Les chercheurs disent que l’alimentation en air des avions peut être contaminée par des fuites d’huile ou d’autres produits chimiques provenant des moteurs et ils voulaient savoir si cela était associé à des problèmes de santé.

L’étude, publiée dans le journal de l’Organisation mondiale de la santé, établit un lien entre l’exposition à l’air contaminé et des problèmes à court terme comme la somnolence, la perte de conscience, les maux de tête et les tremblements et des problèmes de mémoire ou de concentration. et la fatigue.

Ceci est surtout préoccupant pour les pilotes et le personnel des aéronefs, mais pourrait également être une source de préoccupation pour les passagers si l’exposition à de l’air hautement contaminé provoque un sentiment de somnolence ou d’évanouissement chez le pilote. Cependant, seules quelques études de cas de contamination grave de l’air ont été étudiées dans cette étude, suggérant que ces événements sont rares.
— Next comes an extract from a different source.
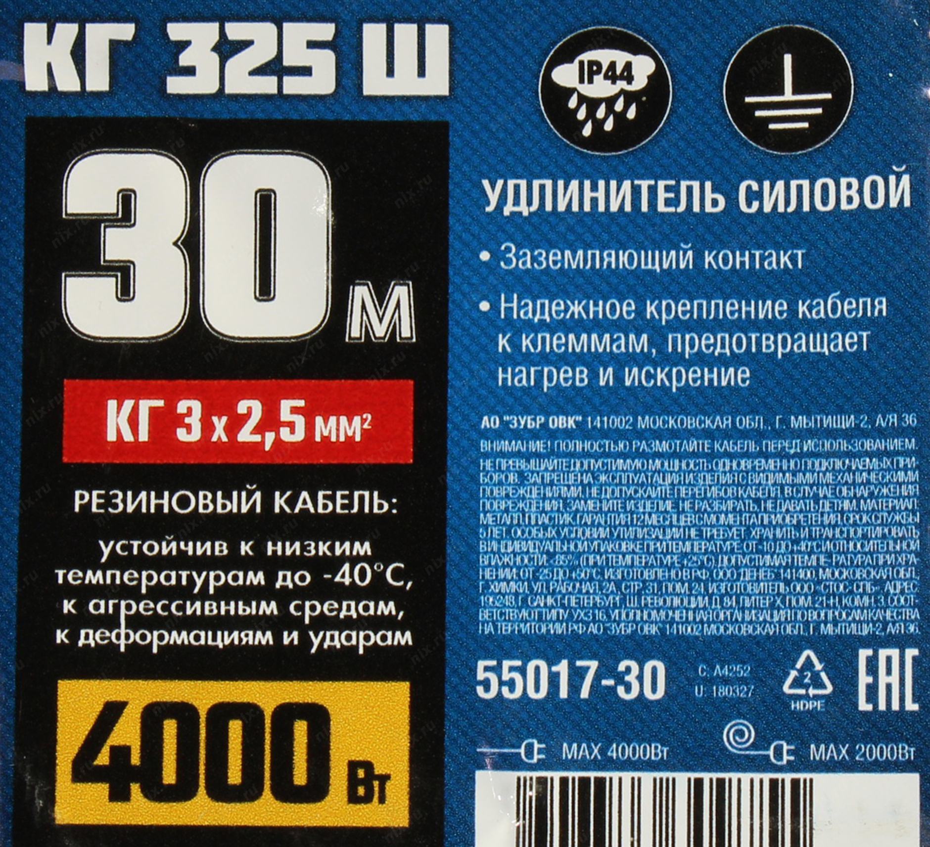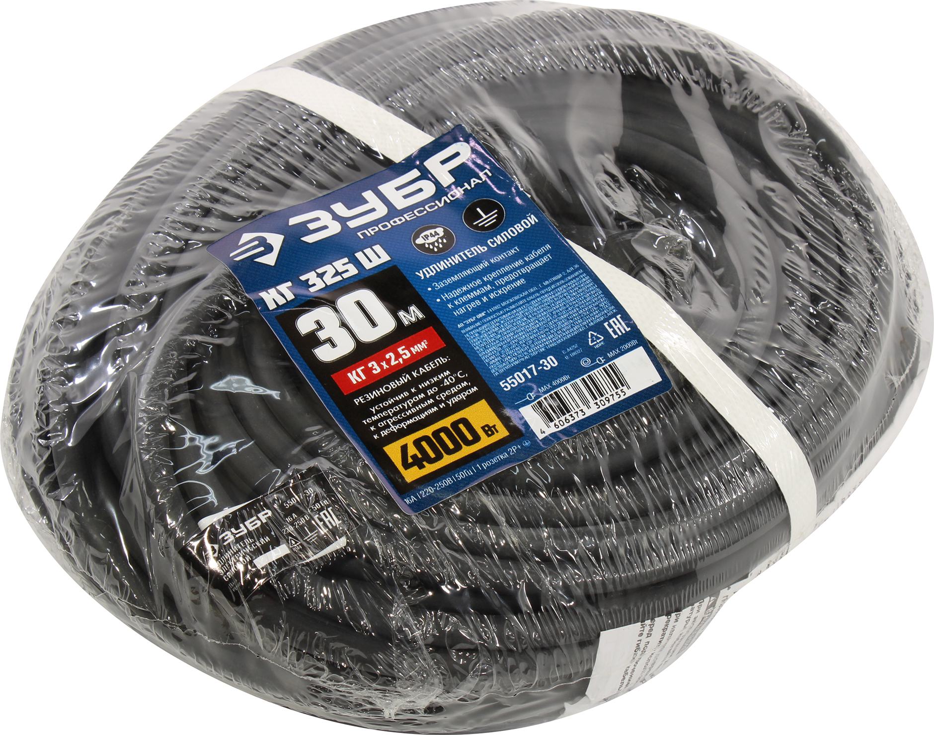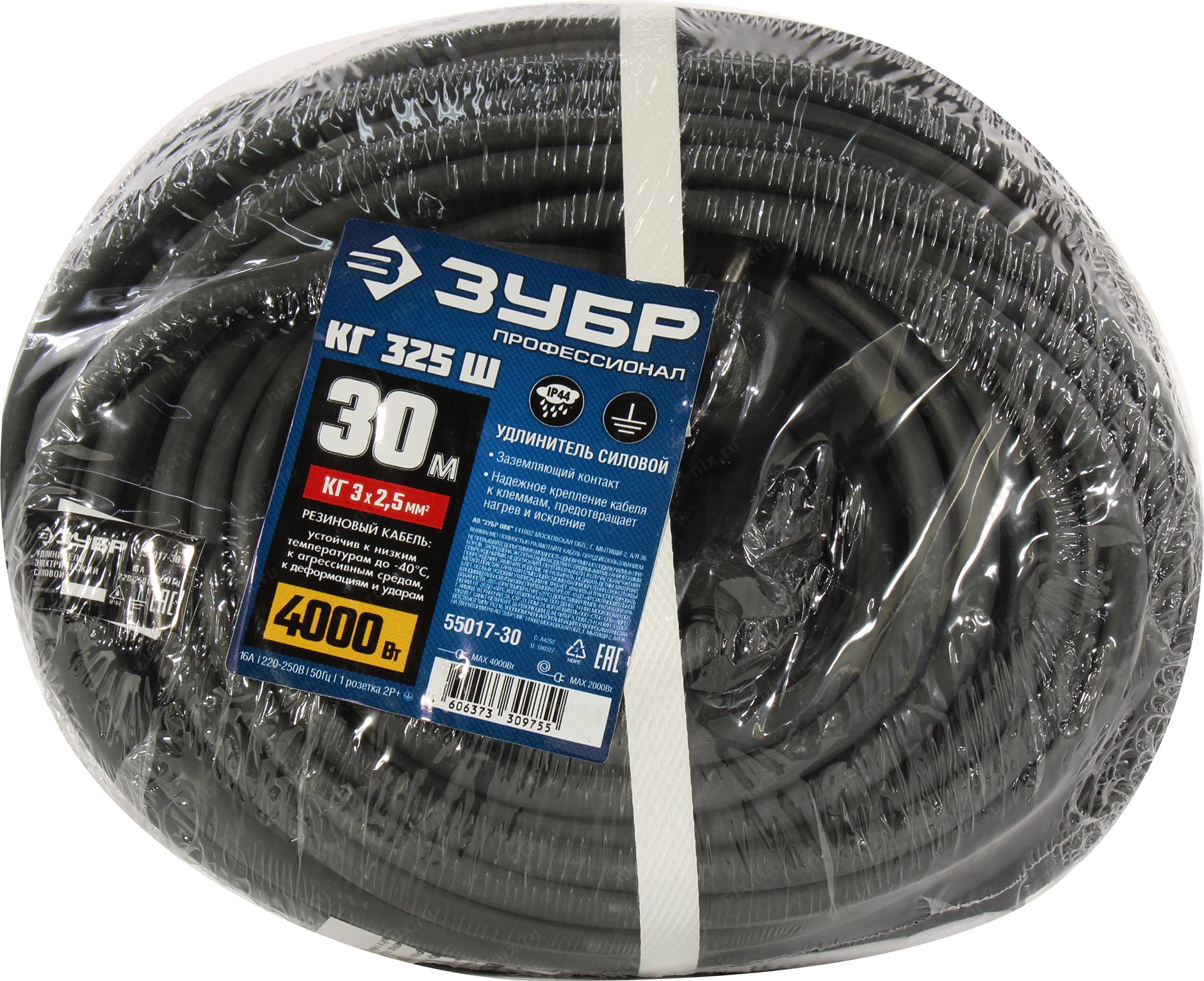 Удлинитель силовой Зубр 55017-30 3x2.5кв.мм 1розет. 30м КГ 16A без катушки черный | НИКС Екатеринбург
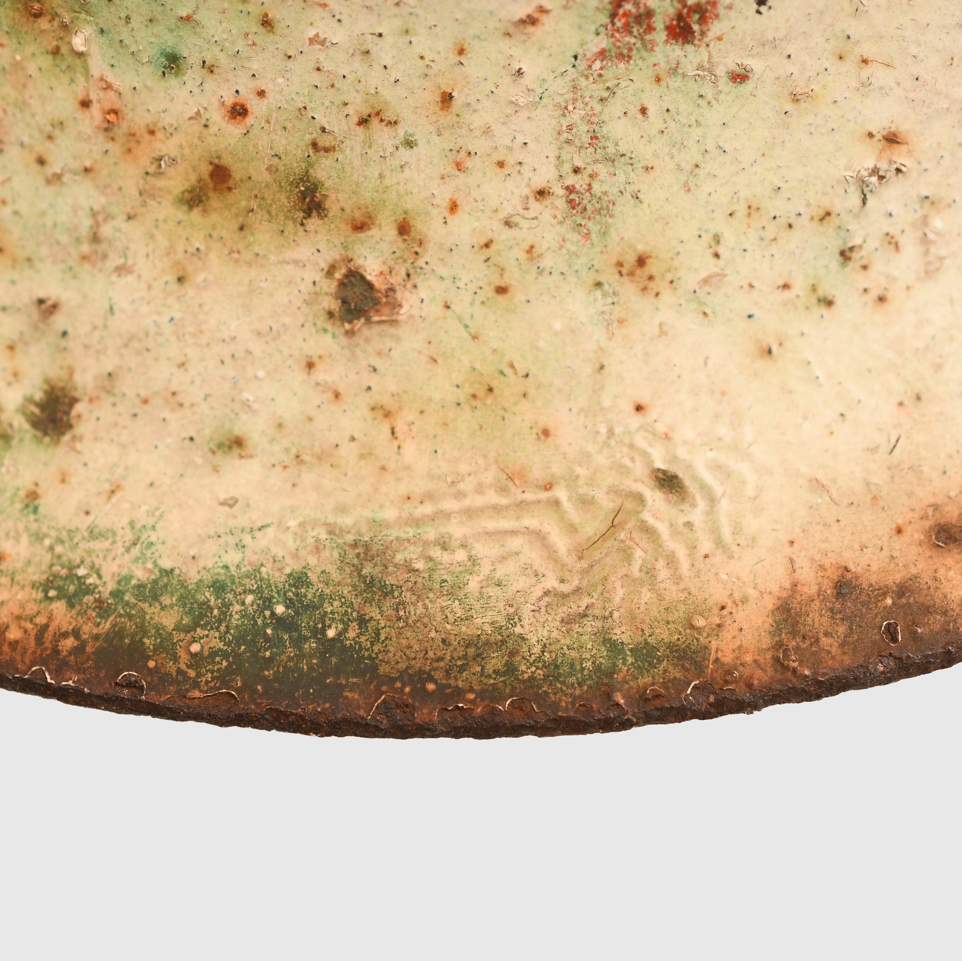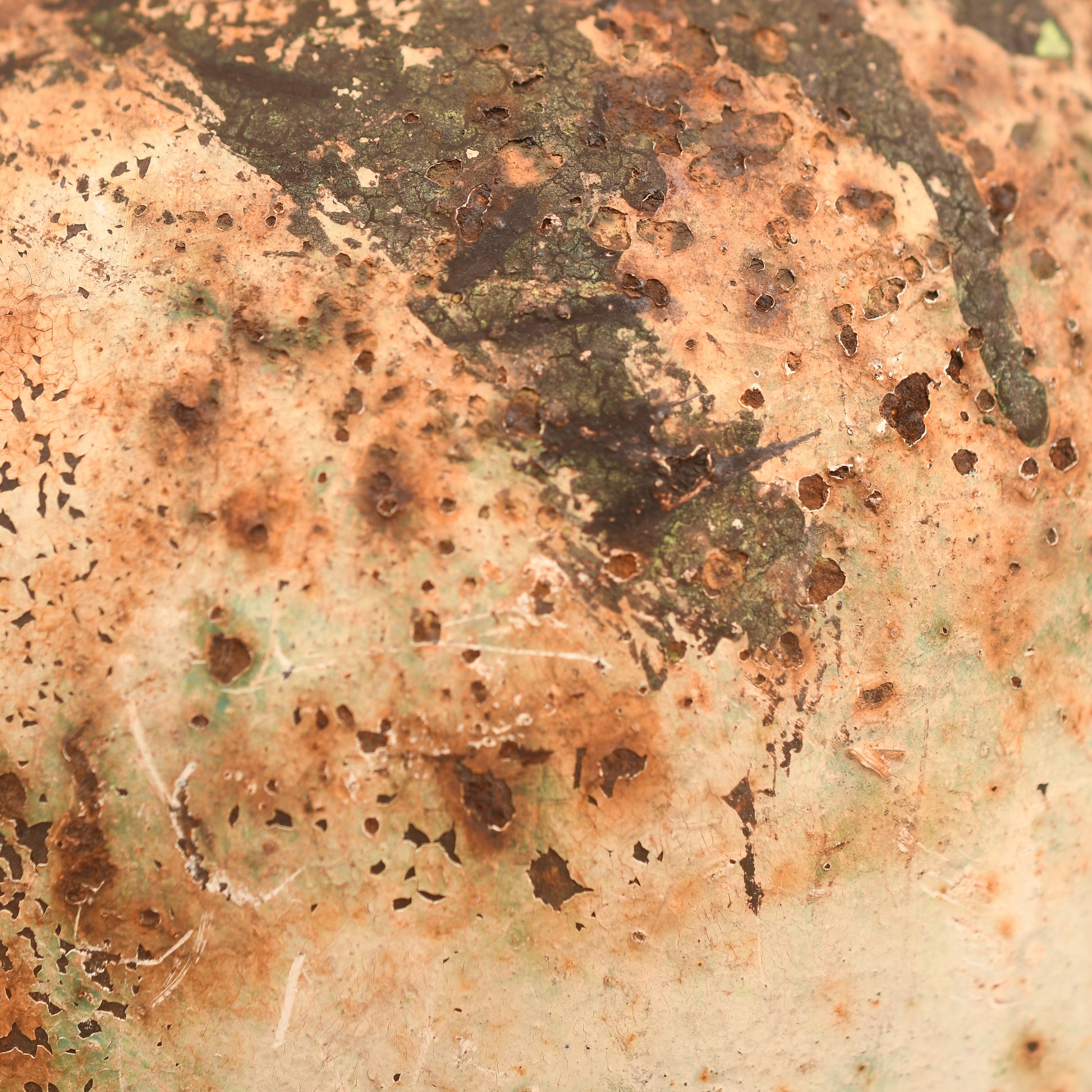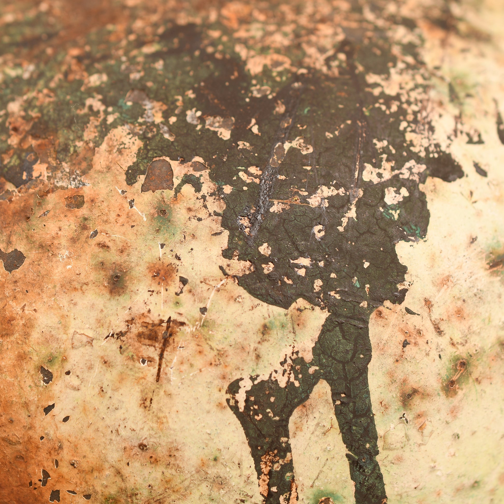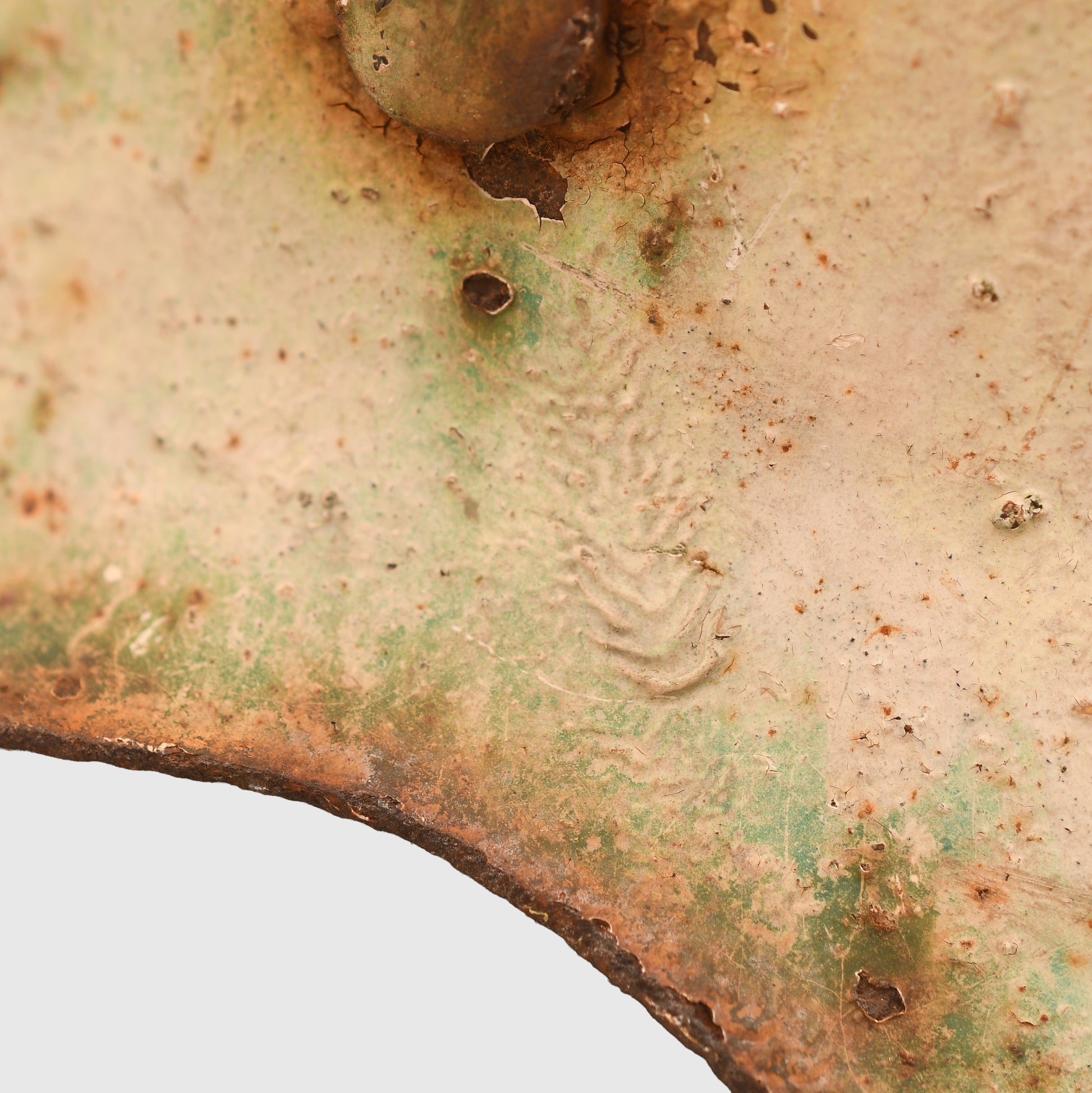 A fabulous barn find helmet, being an M.42 raw edge combat helmet, painted white with the remains of its red cross to the face side. Considerable rust bleed in the crown area, where the white paint has removed itself, revealing the original grey-green paint below. Other parts of the helmet have rust bleed with, not only rust marks, but with the colour of the grey green below flooding through. To the front of the helmet can clearly be seen the outline of a red cross. To the interior, the complete shell has a thin layer of rust. The original liner is all complete; the stitching at the reverse side has split, but all the tongues are present. A super rare barn find helmet.

L’étude n’a pas examiné en détail si l’exposition à l’air contaminé dans les avions nuisait aux passagers, il n’est donc pas possible de tirer des conclusions définitives sur les risques pour la santé des personnes qui volent régulièrement ou occasionnellement.

D’où vient l’histoire?

L’étude a été réalisée par des chercheurs de l’Université de Stirling et de l’Université d’Ulster au Royaume-Uni, ainsi que par un consultant en pneumologie de Melbourne en Australie. Il n’a reçu aucune source de financement.

L’étude a été publiée dans la revue à comité de lecture Public Health Panorama, une revue de l’Organisation mondiale de la santé. C’est un accès ouvert, ce qui signifie que vous pouvez le lire en ligne gratuitement (PDF, 314kb).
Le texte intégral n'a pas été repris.